You don't set these per agent — the framework injects them every turn from _build_prompt(). Listed so you know what the dynamic layers consume.

Variable Layer Source
knowledge_content knowledge Vector store / KB facts / PageIndex context
user_context user_session Per-request user context
chat_history user_session Conversation memory
output_instructions output Active output mode (structured, infographic, …)
dataframe_schemas dataframe_context (domain) PandasAgent dataframe inventory
crew_context crew_context (domain) Prior agents' results in a crew

6. Domain-layer variables

Set when you install the corresponding domain layer (via a preset or builder.add(get_domain_layer(...))).

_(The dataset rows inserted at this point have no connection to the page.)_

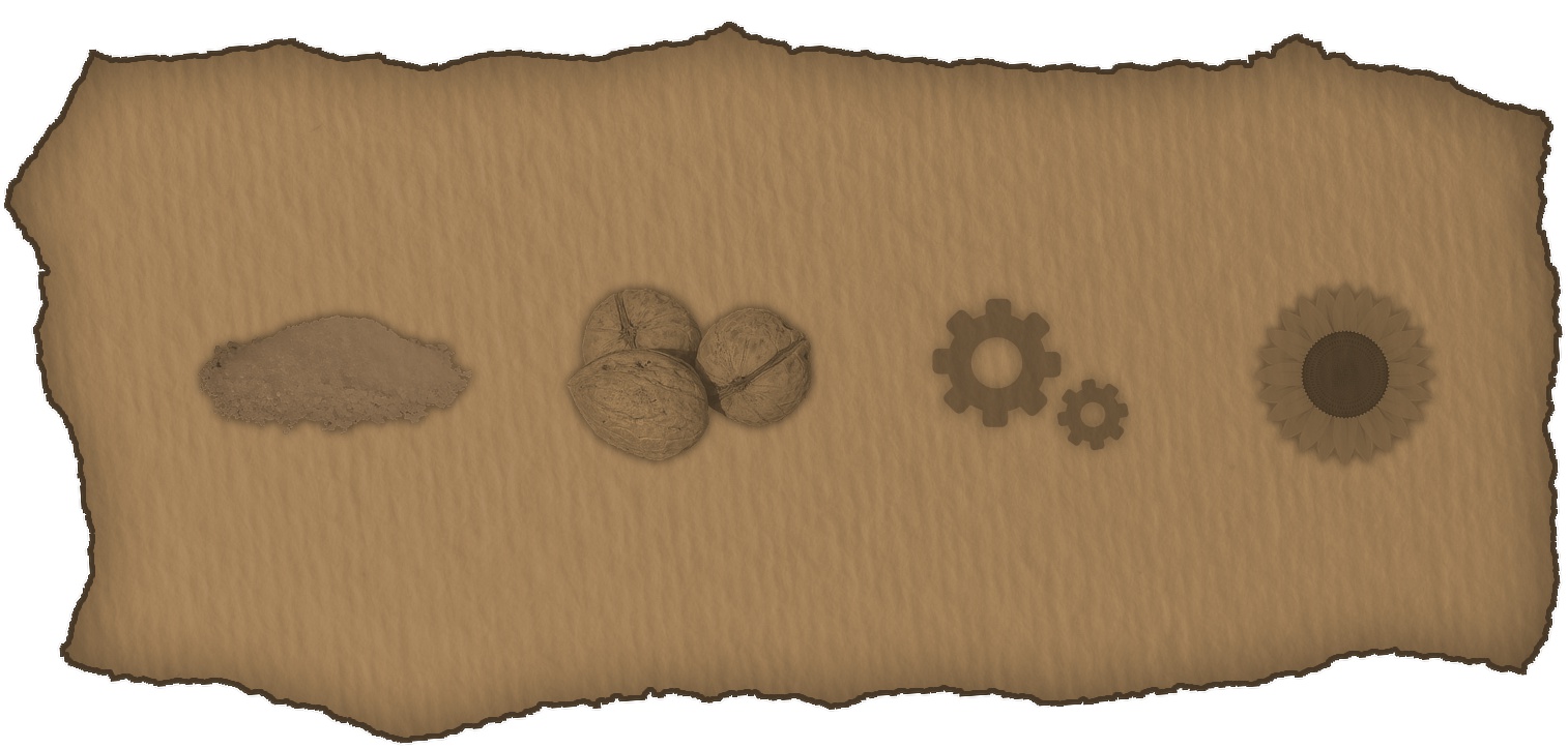 Other than the salt, the hint shows walnuts, gears (representing a machine) and a sunflower.So, after the salt, from left to right, we got walnut oil, machine oil and sunflower oil on the shelf.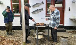 Formiddagen var præget af en del regnvejr. Og med de seneste dages nedbør, var vandstanden steget en del, så der var flere steder der var behov for lange støvler. Selv om det føltes lidt råkoldt ude ved åen, fik vi hurtigt varmen i laden, da der blev tændt op for varmen i oliekaminen. Henning havde haft kontakt med en meget stor laks på flue i Gelså. Det kunne nemt have været en ny personlig rekord. Men den slog sig hurtigt løs. Dres fangede en laks på godt 60 cm i Gelså, men den blev nænsomt genudsat. Som sædvanlig gik snakken…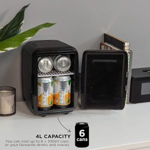 - 4L MINI COOLER – This mini compact cooler is ideal for a bedroom. office or countertop. There’s plenty of space to fit 6 x 330ml drink cans. or a few favourite snacks within handy reach.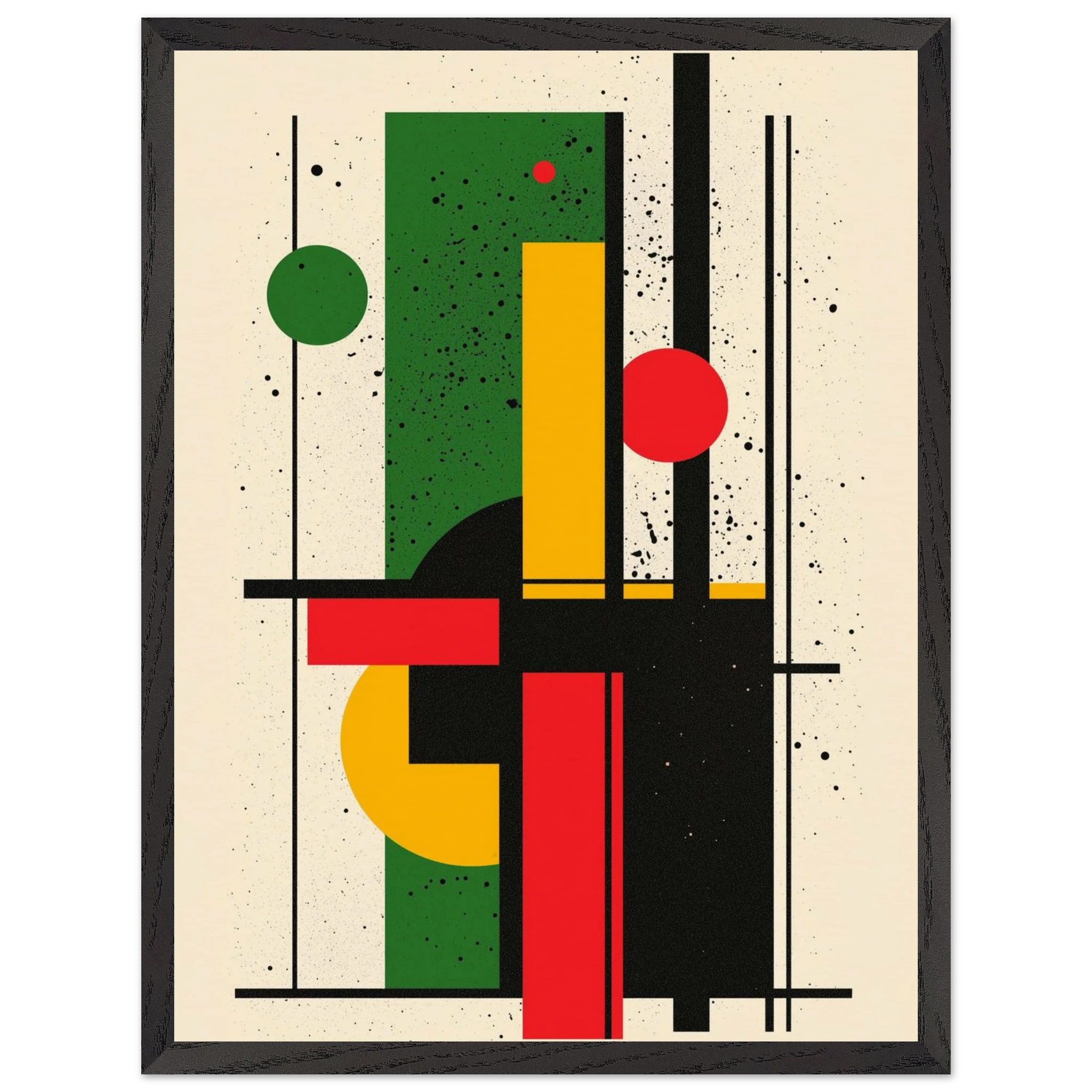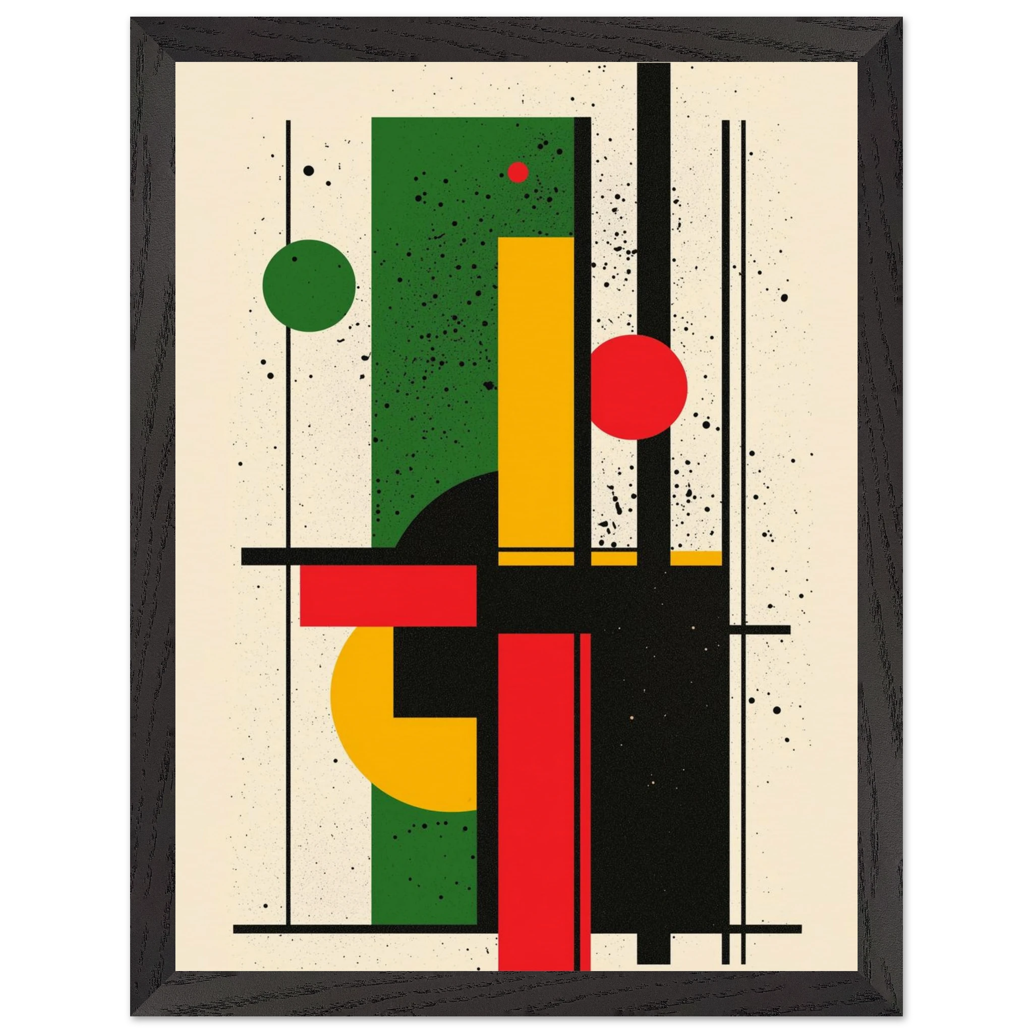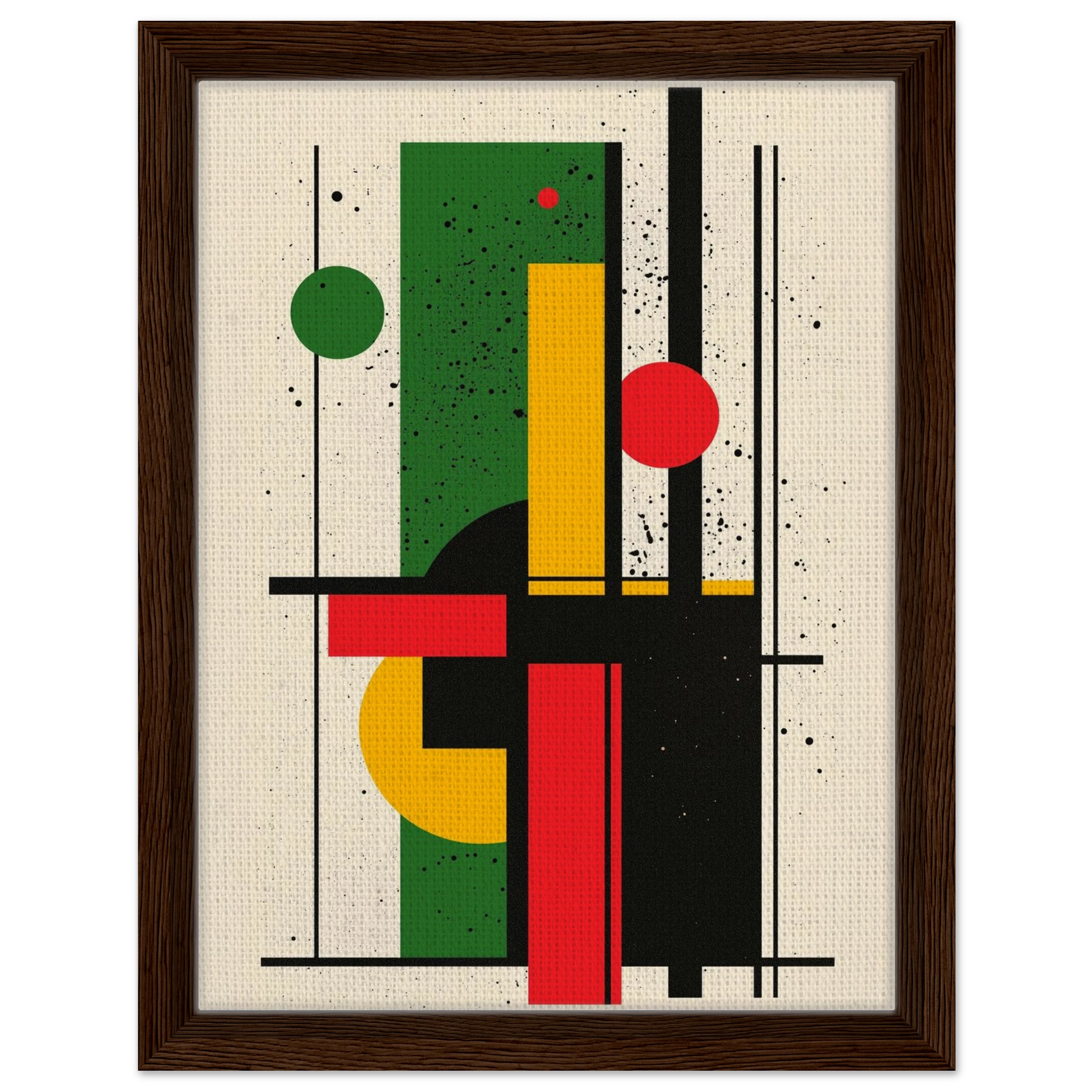 Give your space a burst of energy with Rhythm in Color, a bold abstract piece that merges vibrant reds, greens, and yellows with sleek geometric lines. Its dynamic interplay of shapes brings movement and excitement to any room—perfect for modern living areas, minimalist offices, or creative studios. Printed using Gelato’s top-tier process, each print boasts crisp details and enduring color. Select from a premium wooden poster or a range of canvas options—including wood, dark wood, or white wood frames—for a stylish finish that reflects your personal taste. Let Rhythm in Color enliven your décor with its contemporary flair.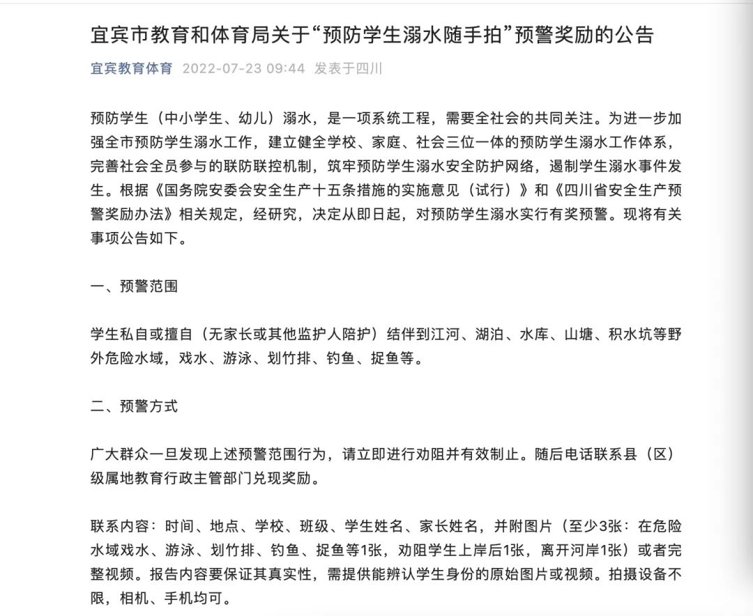7月23日,四川宜宾市教育和体育局发布公告称,针对学生私自或擅自结伴到户外“野游”的情况,群众发现并劝阻制止的,可获得100元以上奖励。而对预警中查证属实的涉事中小学生,一律取消当年评优选先资格,并视情况纳入中小学生综合素质评价档案。

Variable Layer Phase Set where
company_information company_context CONFIGURE Agent config (company bots)
dialect sql_dialect CONFIGURE SQL agent config
top_k sql_dialect CONFIGURE SQL agent config
extra_rag_rules rag_grounding CONFIGURE RAG agent config

7. How to customize the stack (not just the values)

Beyond filling variables, you can reshape which layers exist:

from parrot.bots.prompts import PromptBuilder, get_domain_layer

# Start from the default 8-layer stack and mutate it
builder = (
    PromptBuilder.default()
    .remove("tools")                          # drop a base layer
    .add(get_domain_layer("company_context")) # add a domain layer
)

# Or start from a preset
builder = PromptBuilder.rag()      # removes tools, adds knowledge_scope + rag_grounding
builder = PromptBuilder.agent()    # default + agent_behavior
builder = PromptBuilder.voice()    # voice-optimized behavior layer
builder = PromptBuilder.minimal()  # identity + security + user_session only

# YAML/DB agents whose system_prompt already declares identity:
builder = PromptBuilder.from_system_prompt(my_prompt)  # replaces only `identity`

Declarative customization (DB / YAML)

The prompt_config JSONB column (and the YAML equivalent) drives the same mutations without code:

{
  "preset": "default",
  "remove": ["tools"],
  "add": ["company_context"],
  "customize": { "...": "..." }
}

When a system_prompt is present but no prompt: block is declared, the registry routes it through PromptBuilder.from_system_prompt() so the agent still gets the security / knowledge / tools / output / behavior layers without colliding with IDENTITY_LAYER.


Quick mental model

  • Values (backstory, rationale, …) → set via DB row / YAML / subclass / kwargs; resolved once at configure with kwargs or attr or DEFAULT.
  • Tokens ($current_date) → from dynamic_values, pre-substituted into identity fields so they work even when nested.
  • Structure (which layers) → default()/presets + add/remove/replace, or the declarative prompt_config.
  • Style vs policyrationale is style; grounding lives in domain layers.
  • Scopecapabilities only shows up via knowledge_scope (RAG stacks).